Similarly to threads, save the path somewhere. 与线程类似，将路径保存在某处。 Referring to it as argv 1 is bad style which will come back to bite you. 将其称为argv 1是不好的风格，这会再次咬住您。 Using argv for words is fine. 对单词使用argv可以。

However, this is wrong in general. 但是，这通常是错误的。 You setup a local struct and pass it to a thread, then immediately change it . 您设置了本地结构并将其传递给线程，然后立即对其进行更改。 So what happens is at the end of the day all your threads are counting the same word. 因此，发生在一天结束时，所有线程都在计数相同的单词。 But the word they were counting changed along the way. 但是他们所指的单词在此过程中发生了变化。

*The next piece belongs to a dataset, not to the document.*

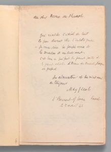 EXEMPLAIRE UNIQUE, PORTANT UN LONG ENVOI DE MAX JACOB à PIERRE DE MASSOT en page de garde (daté du 5 avril 1943) et, collé sur le faux-titre, UN PORTRAIT À LA PLUME de «GUILLAUME APOLLINAIRE EN SOLDAT», signé «MAX JACOB 43» et accompagné de cette mention : «À Pierre de Massot pour coller en ce livre».

    for (i = 0; i < argc-1; ++i)
         pthread_join(threads[i], NULL);

Go figure. 去搞清楚。 You did not have a variable which held an amount of threads and this lead to this inconsistency (argc - 1 vs argc - 2). 您没有一个拥有一定数量线程的变量，这导致了这种不一致（argc-1 vs argc-2）。

In general this issue could have been solved for the most part with proper reading of compiler warnings, and avoided in general if basic good practices were employed. 通常，通过正确阅读编译器警告，可以在很大程度上解决此问题，并且如果采用基本的良好实践，通常可以避免此问题。

Of course bugs happen regardless of that and in such cases you can at the very least narrow them down. 当然，无论如何都会发生错误，在这种情况下，您至少可以缩小范围。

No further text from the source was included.